WFP clarifies its position on ‘inedible’ food

KATHMANDU, July 16

The World Food Programme has claimed that it never distributed inedible and substandard food to earthquake victims in Nepal.

In a reply to a parliamentary sub-committee’s report, the UN food agency stated that some pulses and rice procured through local suppliers turned out to be low quality, but 'they were not not distributed to quake victims'.

The WFP responded on the panel’s report through the Ministry of Foreign Affairs yesterday. Attaching the House panel’s report, MoFA had asked the WFP to clarify on the matter.

According to Acting Foreign Secretary Shankar Das Bairagi, the WFP, in its response, has stated that inedible rice found in Kavre and Gorkha as well as substandard pulses found in Nepalgunj were segregated for the replacement. “The WFP has also mentioned that action has been taken against at least one contractor that had supplied the items,” Biaragi told THT.

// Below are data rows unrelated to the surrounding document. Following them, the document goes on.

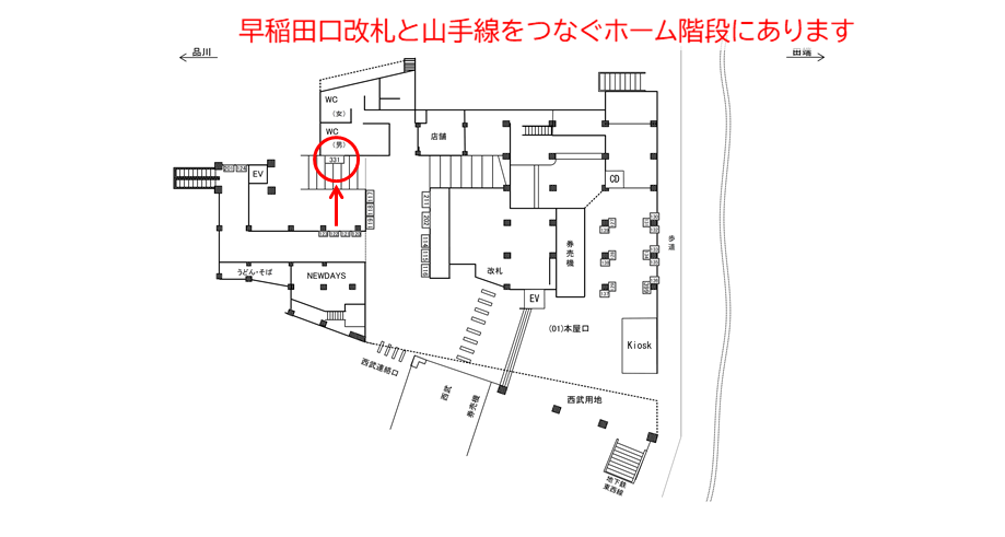 ○ホーム№7 ホーム上(JR山手線ホーム 階段正面 早稲田口改札側) |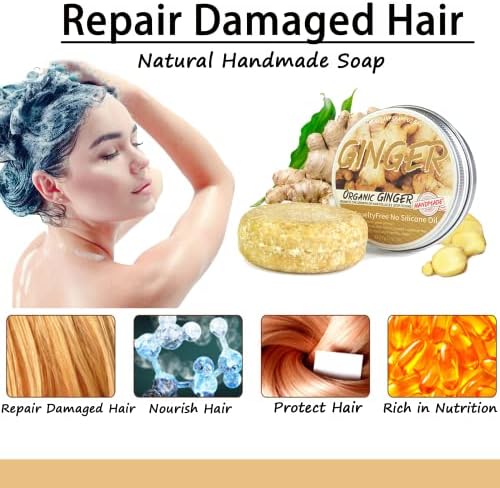 【Easy to Use】Wet your hair. Apply the ginger hair regrowth shampoo soap directly on your wet hair, rub the soap lightly on hair several times. Massage your scalp gently for 2-3 minutes with pulp of finger.Wash away the foam with warm water.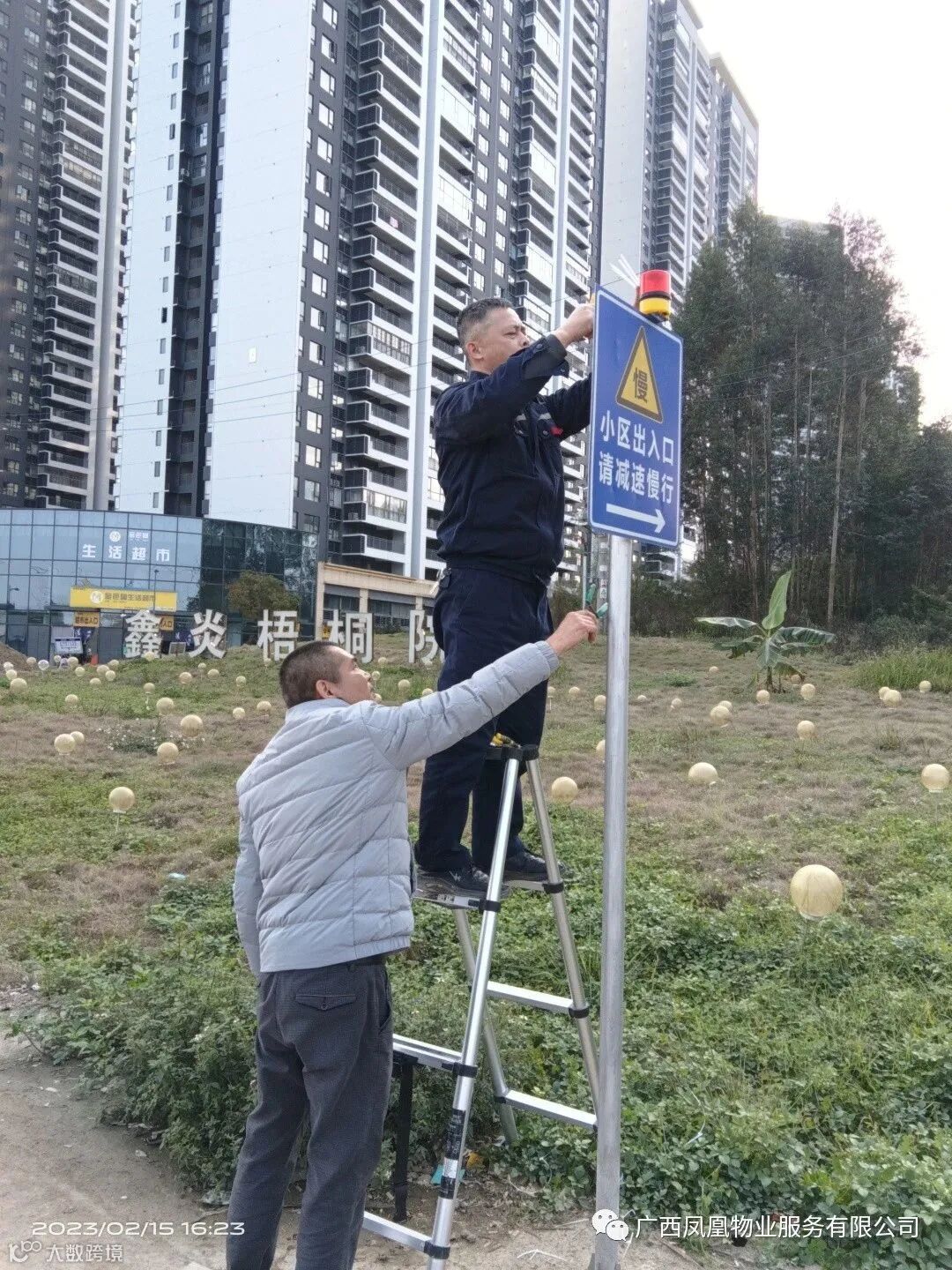 在小区出入口的“减速慢行”标识上安装警示灯,为业主的安全出行增加一道防护线。
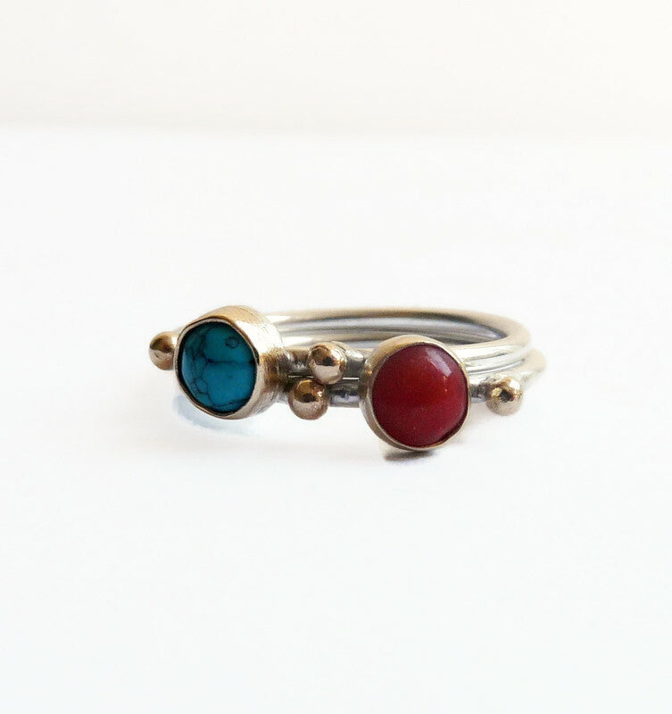 Stapelbare Goldringe mit Koralle und Türkis – Handgefertigt | Meer- und Korallenset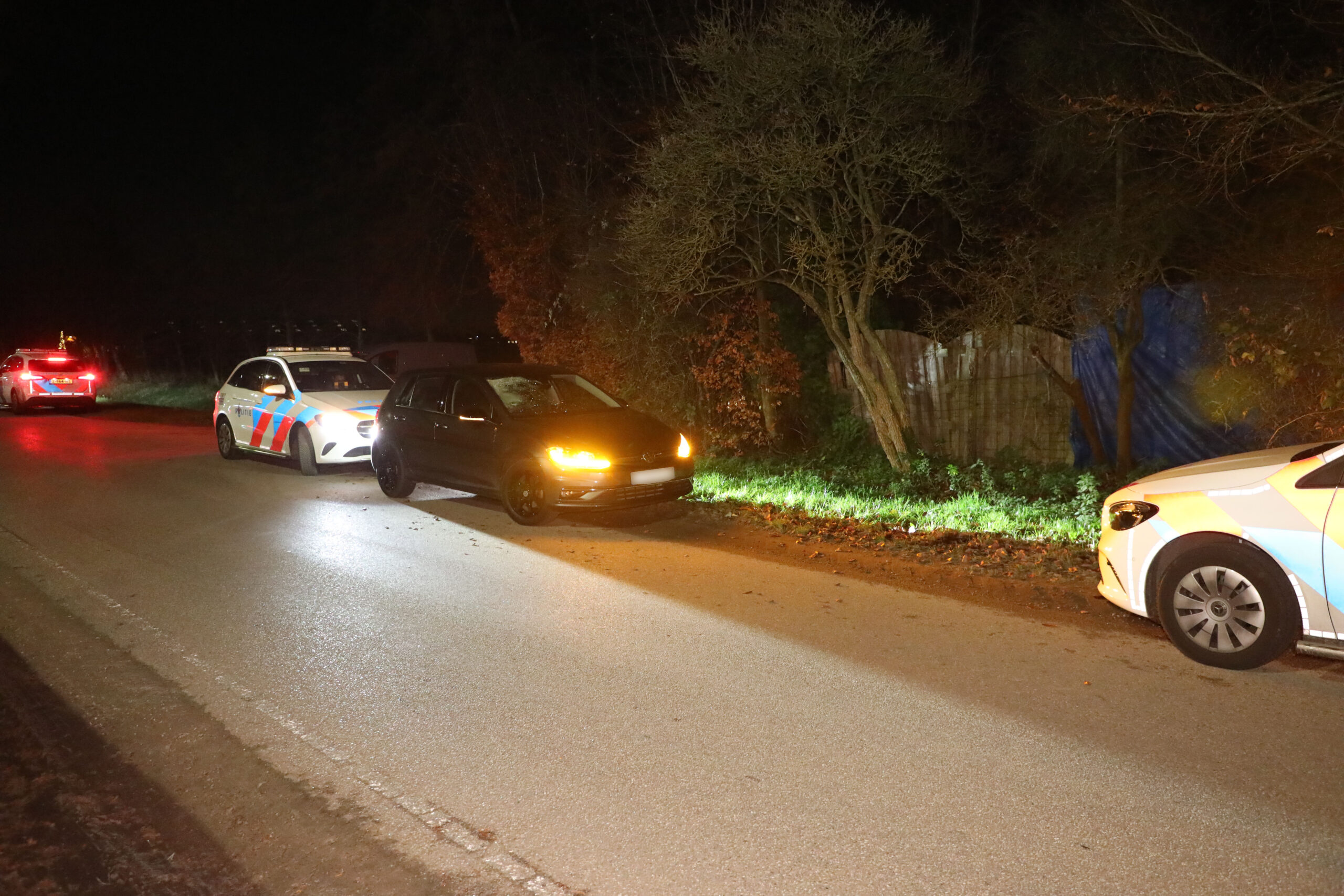 Verderop aan dezelfde weg werd een beschadigde Volkswagen Golf aangetroffen ter hoogte van een woning. Een man die zich in het huis bevond is aangehouden en meegenomen naar het bureau. Later werd ook een vrouw meegenomen. De politie onderzoekt de betrokkenheid van beide personen en verricht sporenonderzoek bij het voertuig.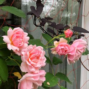 台風の影響で雨☔️ですね〜 せっかくのお休みですが庭遊びが出来ない 😮💨恒例の(?)家の中から裏側パチリシリーズ ルリマツリとノワールの葉のコラボ😊ハート💕でほっこり癒されています
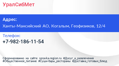 УралСибМет по адресу Ханты-Мансийский АО, Когалым, Геофизиков, 12/4 в дальнейшем Организация, размещена в следующих категориях: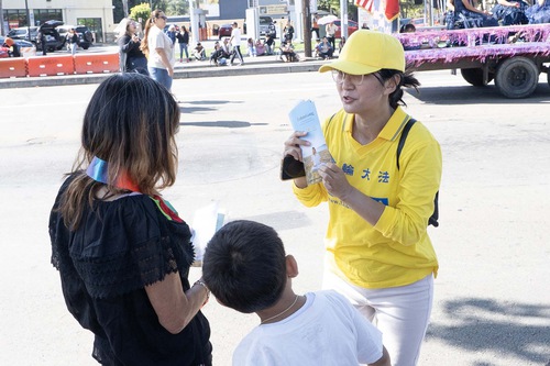 (Minghui.org) Falun Gong practitioners participated in the 70th annual Newark Days parade on September 20, 2025, in Newark, California. They were very well received, with the mayor personally thanking them for their participation. The spectators were enthusiastic about Falun Gong and many people said they wanted to learn the Falun Gong exercises.

Nevertheless, the parliamentary sub-panel under the National Disaster Management Monitoring and Direction Special Committee, based on its field visits in various godowns of the WFP, had concluded that rice and pulses procured and even distributed by the WFP in certain quake-hit districts, including Kavre and Gorkha, were ‘unfit for human consumption’.

Test conducted by Nepal’s Food Technology and Quality Control Department had also found some rice distributed by WFP in Kavre and pulses kept at WFP warehouse in Nepalgunj inedible.